[Assigned task]
Only one span of the listing below should come back. It runs from the line with "28 лютого програма" through the line with "按照宿州学院党委《关于开展习", and each of its lines must be reproduced exactly.
--- Material supplied Enclosed Below ---
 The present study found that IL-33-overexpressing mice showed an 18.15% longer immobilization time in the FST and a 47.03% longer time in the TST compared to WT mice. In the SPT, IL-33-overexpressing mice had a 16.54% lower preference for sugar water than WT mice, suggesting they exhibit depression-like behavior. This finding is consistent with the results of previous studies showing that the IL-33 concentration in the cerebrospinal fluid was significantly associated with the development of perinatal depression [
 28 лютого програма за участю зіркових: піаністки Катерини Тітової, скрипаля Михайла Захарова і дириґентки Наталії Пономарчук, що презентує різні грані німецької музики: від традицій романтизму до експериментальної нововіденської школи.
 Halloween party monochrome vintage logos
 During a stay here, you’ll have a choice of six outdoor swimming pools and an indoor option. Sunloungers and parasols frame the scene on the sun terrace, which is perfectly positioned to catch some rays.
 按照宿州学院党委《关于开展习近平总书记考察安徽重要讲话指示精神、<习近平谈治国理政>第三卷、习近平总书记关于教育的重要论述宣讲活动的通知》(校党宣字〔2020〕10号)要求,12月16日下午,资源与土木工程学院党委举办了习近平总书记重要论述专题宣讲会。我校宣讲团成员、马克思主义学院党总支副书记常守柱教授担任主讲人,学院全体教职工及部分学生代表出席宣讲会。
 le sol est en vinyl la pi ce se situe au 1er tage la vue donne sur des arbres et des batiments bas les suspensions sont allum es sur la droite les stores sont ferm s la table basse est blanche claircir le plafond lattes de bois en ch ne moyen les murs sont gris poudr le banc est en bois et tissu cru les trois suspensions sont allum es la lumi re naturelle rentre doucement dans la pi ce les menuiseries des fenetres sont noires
--- End of Enclosed Material supplied ---
--- Material supplied Enclosed Below ---
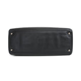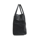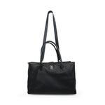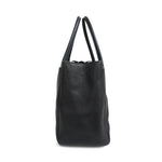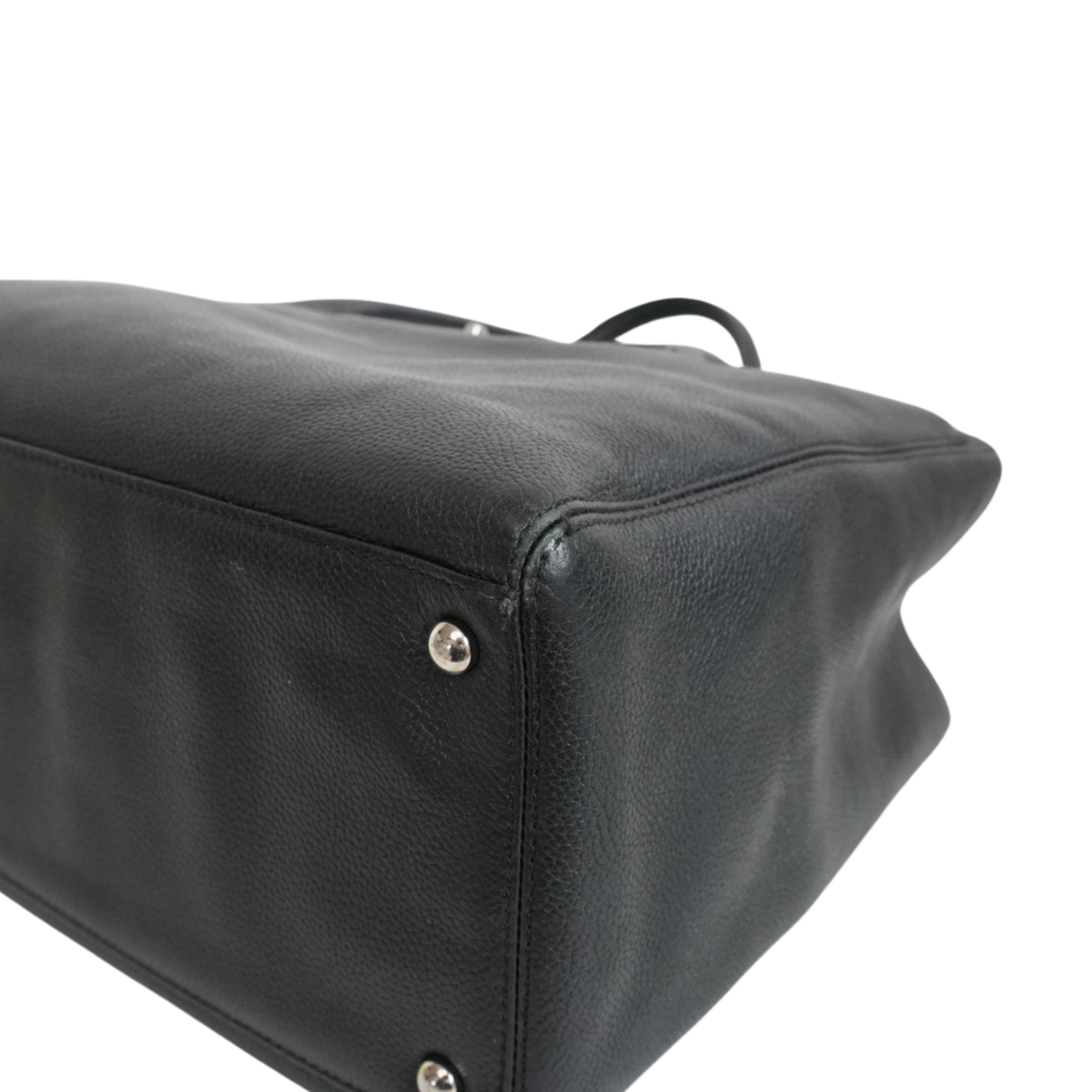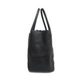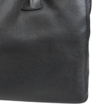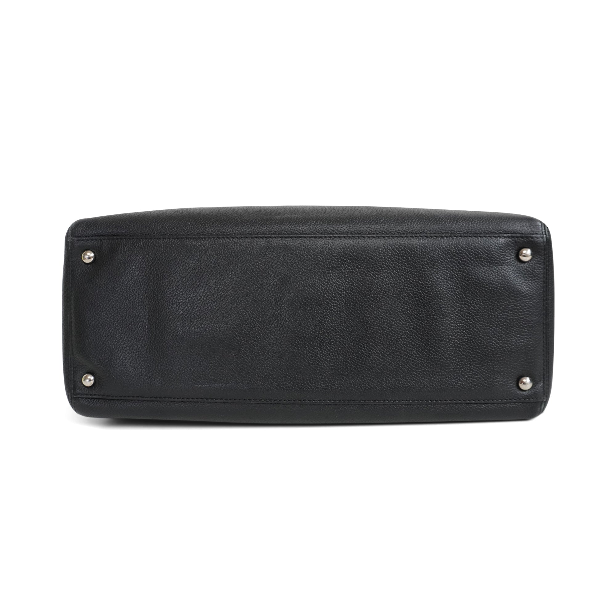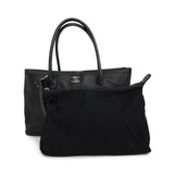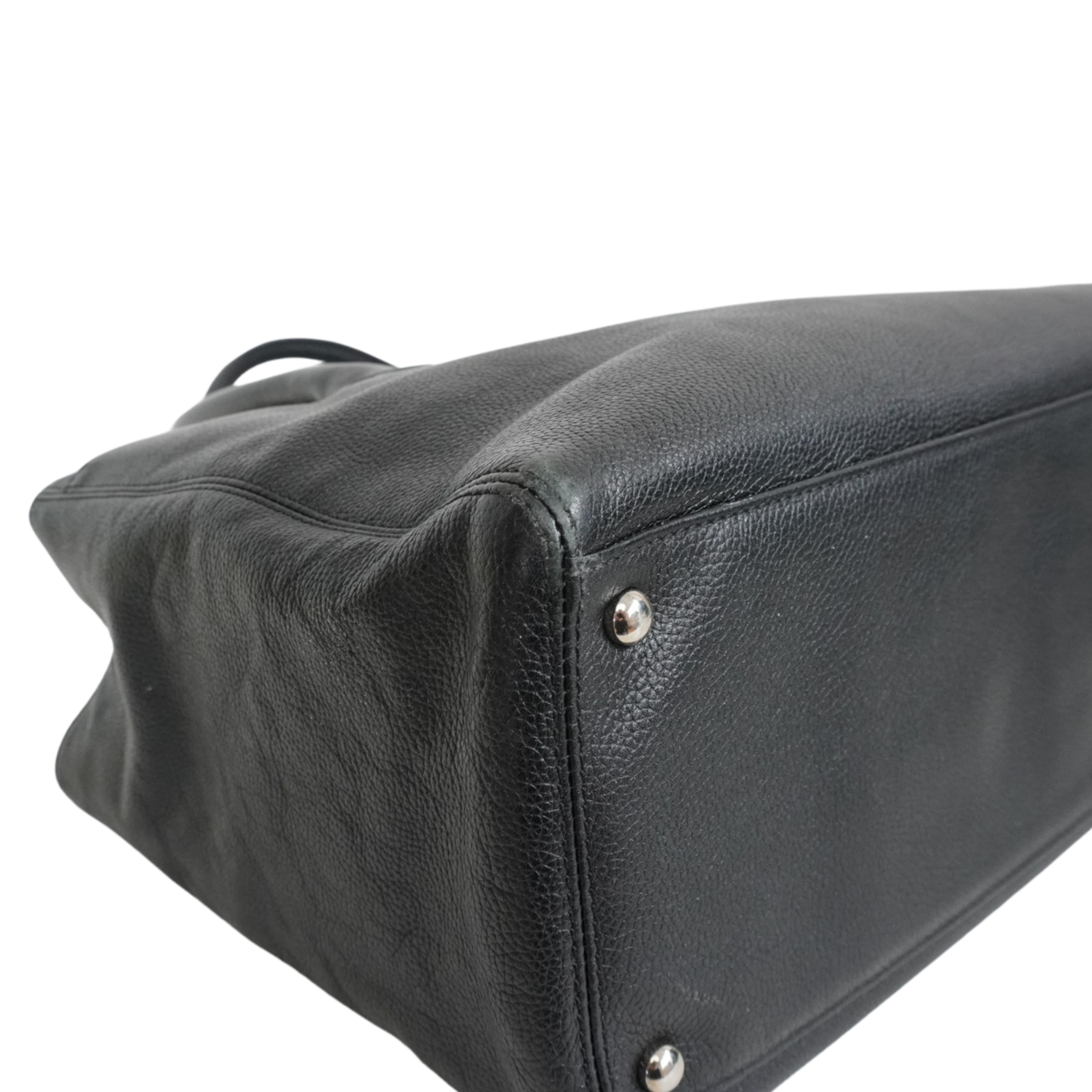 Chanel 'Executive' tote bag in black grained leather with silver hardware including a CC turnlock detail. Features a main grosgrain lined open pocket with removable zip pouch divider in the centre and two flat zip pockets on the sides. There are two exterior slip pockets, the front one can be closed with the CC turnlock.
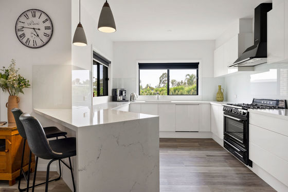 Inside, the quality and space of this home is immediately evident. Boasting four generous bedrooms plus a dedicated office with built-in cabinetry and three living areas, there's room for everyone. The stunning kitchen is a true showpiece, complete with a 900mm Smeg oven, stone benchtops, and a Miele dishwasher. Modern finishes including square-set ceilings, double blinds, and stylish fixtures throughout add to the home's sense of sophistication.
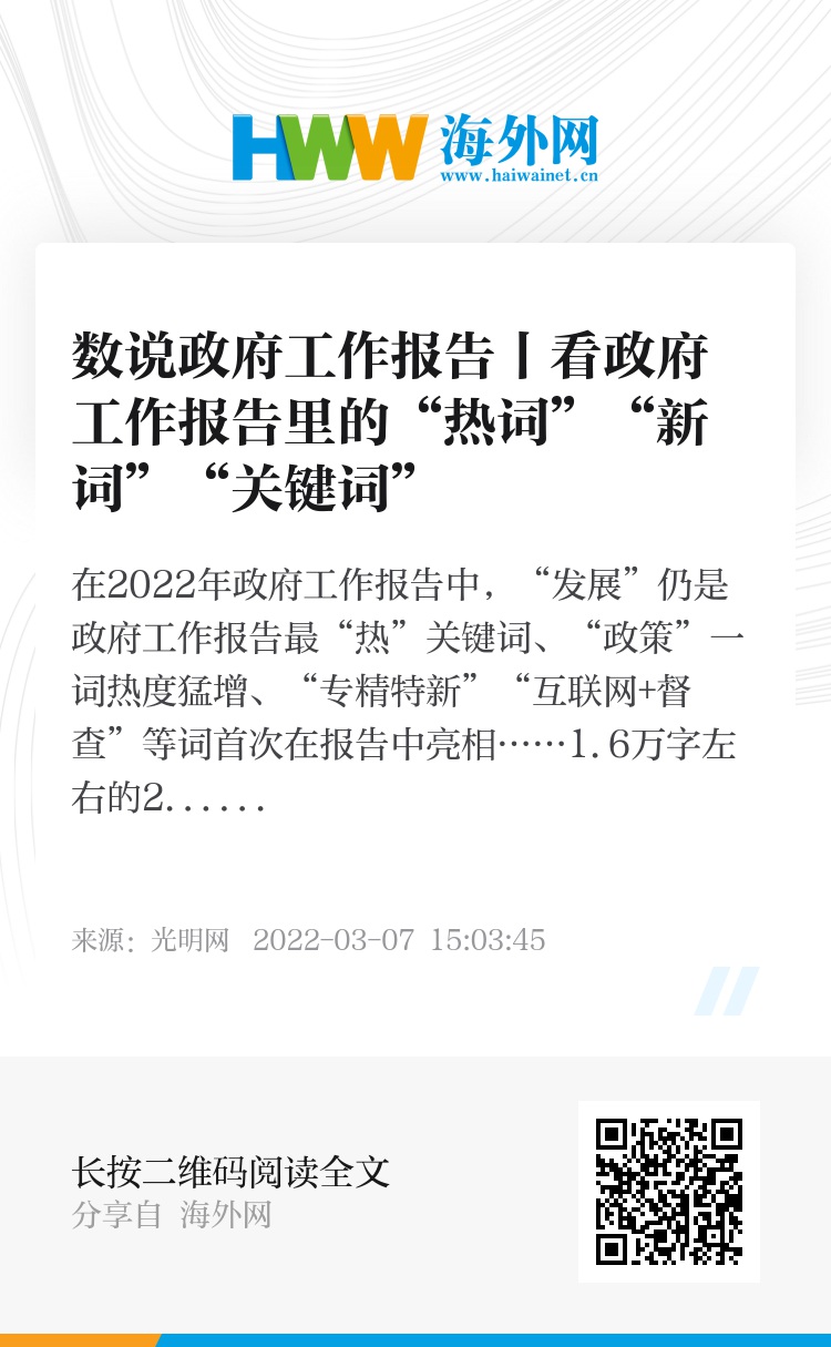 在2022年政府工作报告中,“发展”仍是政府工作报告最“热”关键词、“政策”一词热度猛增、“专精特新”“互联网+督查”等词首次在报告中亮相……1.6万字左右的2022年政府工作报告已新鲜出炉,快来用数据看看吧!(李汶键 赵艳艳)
--- End of Enclosed Material supplied ---
--- Material supplied Enclosed Below ---
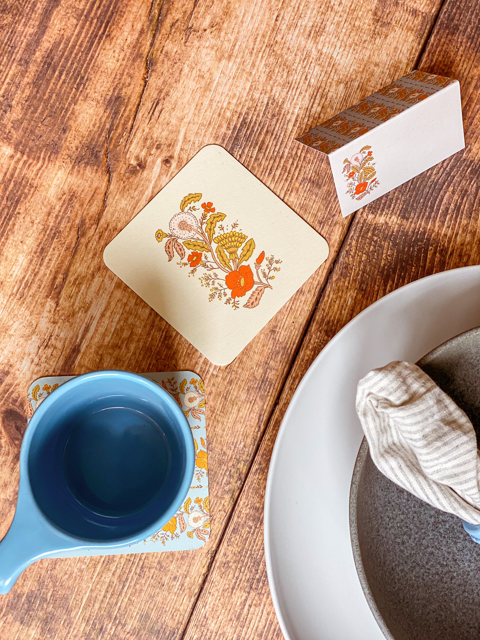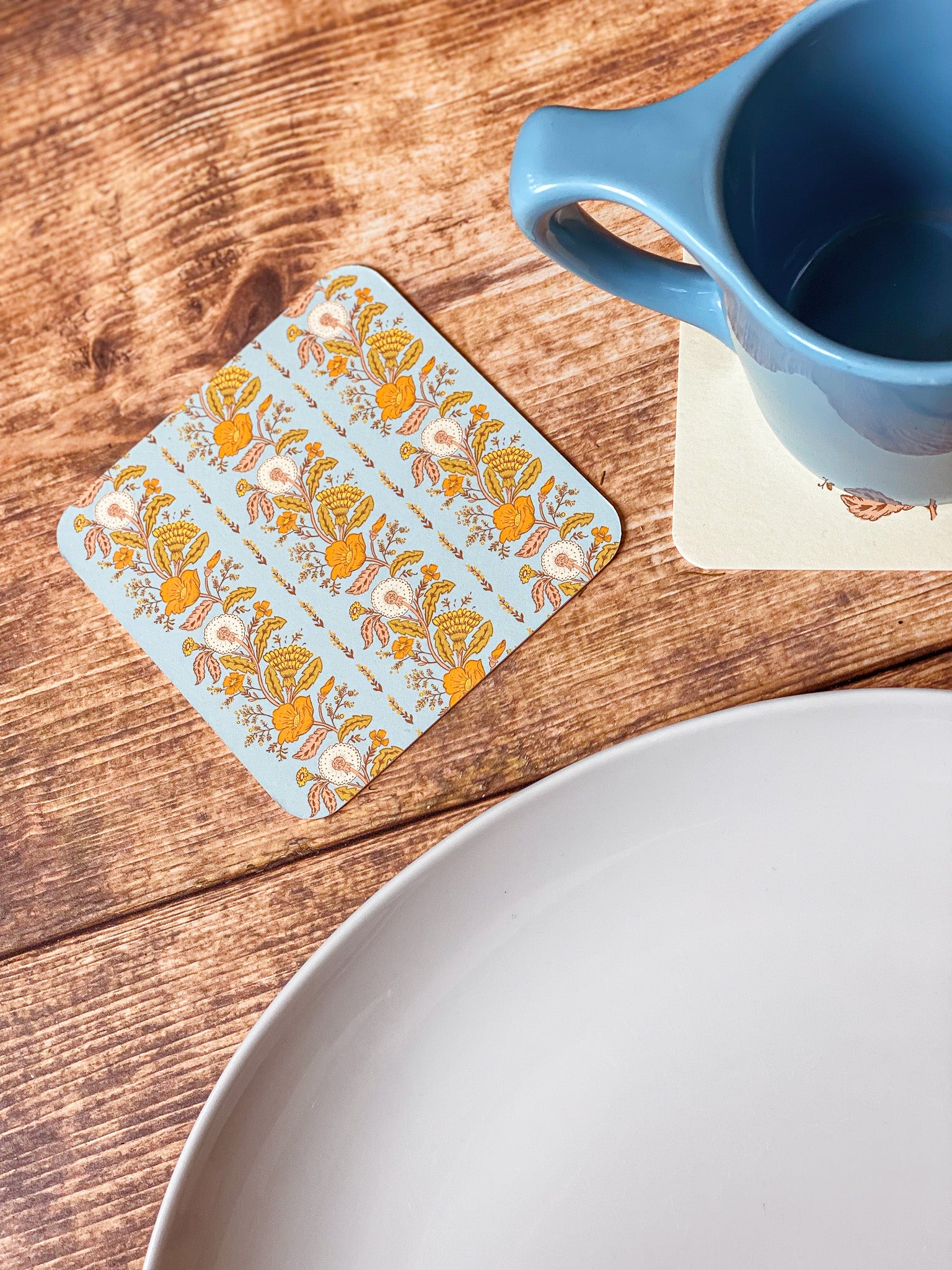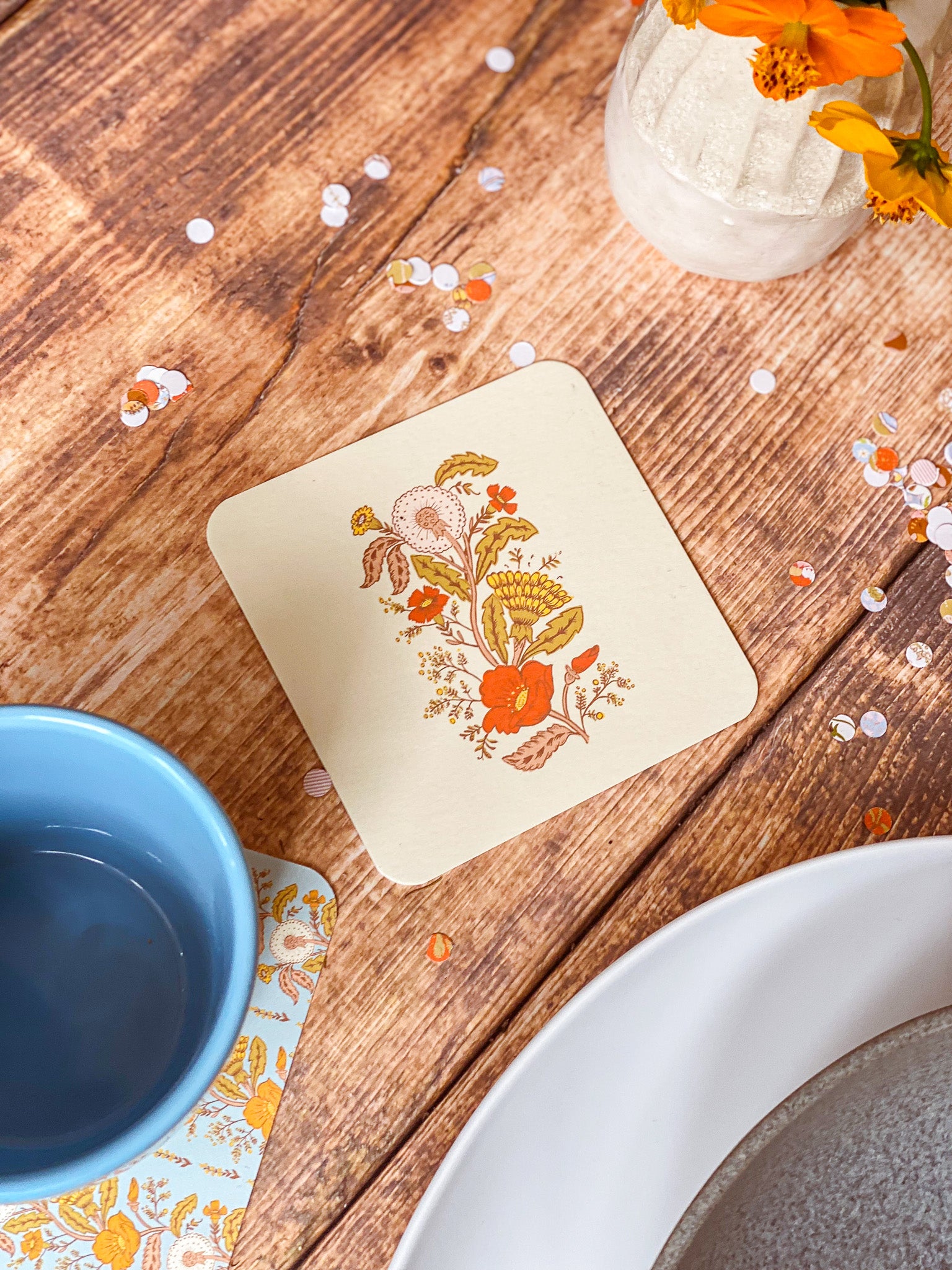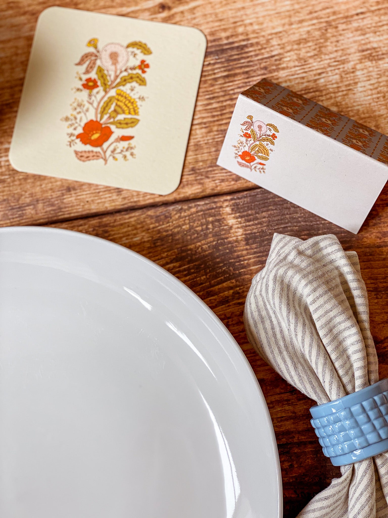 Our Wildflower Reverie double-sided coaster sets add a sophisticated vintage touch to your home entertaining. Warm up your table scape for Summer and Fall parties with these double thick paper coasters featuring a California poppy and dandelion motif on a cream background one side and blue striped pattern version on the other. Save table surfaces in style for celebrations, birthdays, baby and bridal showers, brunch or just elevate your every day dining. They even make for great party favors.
--- End of Enclosed Material supplied ---
[Expected answer]
 28 лютого програма за участю зіркових: піаністки Катерини Тітової, скрипаля Михайла Захарова і дириґентки Наталії Пономарчук, що презентує різні грані німецької музики: від традицій романтизму до експериментальної нововіденської школи.
 Halloween party monochrome vintage logos
 During a stay here, you’ll have a choice of six outdoor swimming pools and an indoor option. Sunloungers and parasols frame the scene on the sun terrace, which is perfectly positioned to catch some rays.
 按照宿州学院党委《关于开展习近平总书记考察安徽重要讲话指示精神、<习近平谈治国理政>第三卷、习近平总书记关于教育的重要论述宣讲活动的通知》(校党宣字〔2020〕10号)要求,12月16日下午,资源与土木工程学院党委举办了习近平总书记重要论述专题宣讲会。我校宣讲团成员、马克思主义学院党总支副书记常守柱教授担任主讲人,学院全体教职工及部分学生代表出席宣讲会。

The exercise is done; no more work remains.